BTSync uses UDP, the source address of a UDP packet is trivial to fake.

This would make for an easy DOS attack on a share.

Also, a second passphrase is logically part of the same overall passphrase, splitting it only makes the attacker's job easier; see the netbios 7/14 character passwords for a notorious example.

Furthermore, it's usually reasonably easy to evade an IP block.

[affinity]

The fact that any new secret creation can cause a collision is enough to need some other factor.

I don't want Google Authenticator, which by the way, can be fully implemented WITHOUT using ANY Google servers. The code to use this kind of time based one-time-password is known, in fact I use a plugin with KeePass to generate TOTP codes when required for Gmail and other services, rarely do I bother with the GA app on my phone for the code.

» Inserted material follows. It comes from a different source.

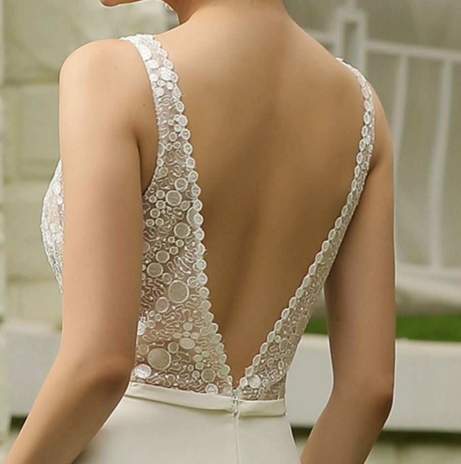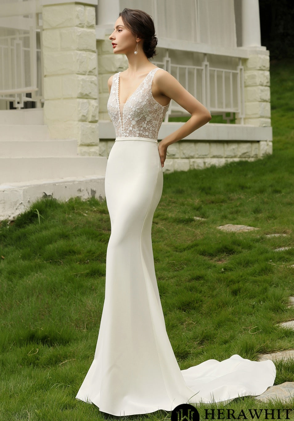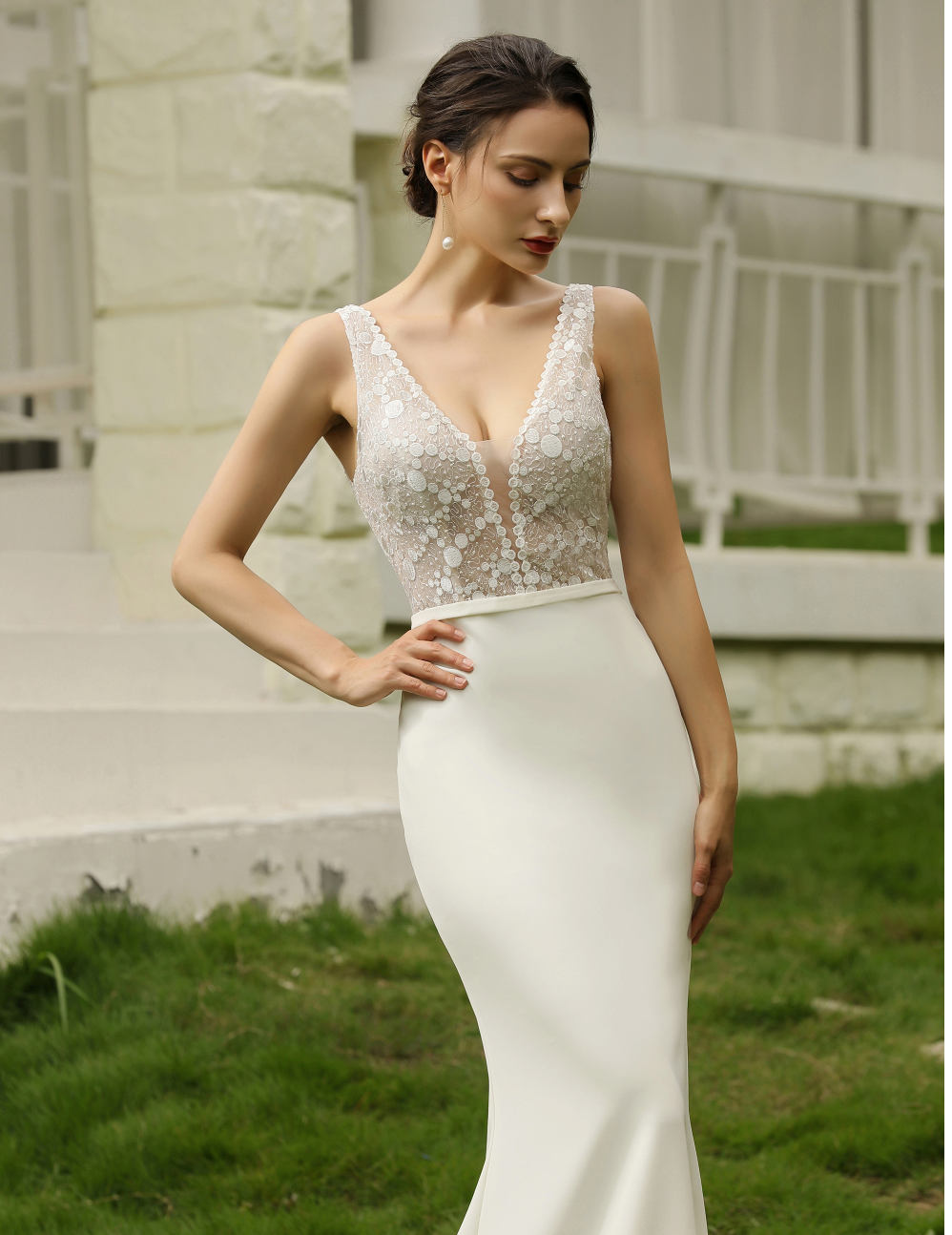 Este vestido de novia clásico y chic es absolutamente glamuroso. Su corpiño semitransparente, confeccionado con una hermosa aplicación de encaje, con escote en V y espalda abierta, combina a la perfección con una sencilla falda sirena de crepé y una cola de corte, realza el rostro y añade un toque de sensualidad.

If you have the 16 character string that is used by GA, then you no longer need Google at all, in fact, even if you do use the GA app, then the generated key is done on your device without communicating with Google (if the app does actually communicate with Google, then it is an "extra" that isn't required to satisfy the requirement).

Definitely, this post from the other thread indicates what I think will be the best way to deal with ANY possible collision (not talking at all about brute-force here, only accidental collision(s).

http://forum.bittorr...__40#entry48294

This too:

[wimbit]

Question: Bit Torrent Sync does not know my secret, they just know the HASH of my secret, right? SO, if they are compromised, will anyone ever know my actual secret?

Also, given that someone *could* guess my secret or collide with it. Not likely, but possible.

... If I generate a Billion 20 character (a-z,A-Z,1-9) words (secrets) how many of them will contain my email address? If I preface my email address to a secret, then how much less is the probability that someone would find my secret randomly?

Any math wizards want to take a try at solving that ...

[Heavensrevenge]

Not meaning to revive a dead thread but if security seems paramount, Sync should just use the new SHA-3 Checksums of any length anyone wants. The Algorithm is named Keccak and is the new SHA checksum blessed by the NIST So yea you should completely rock Keccak for checkcums or secret creation in some future build to really be ahead of the curve in terms of security.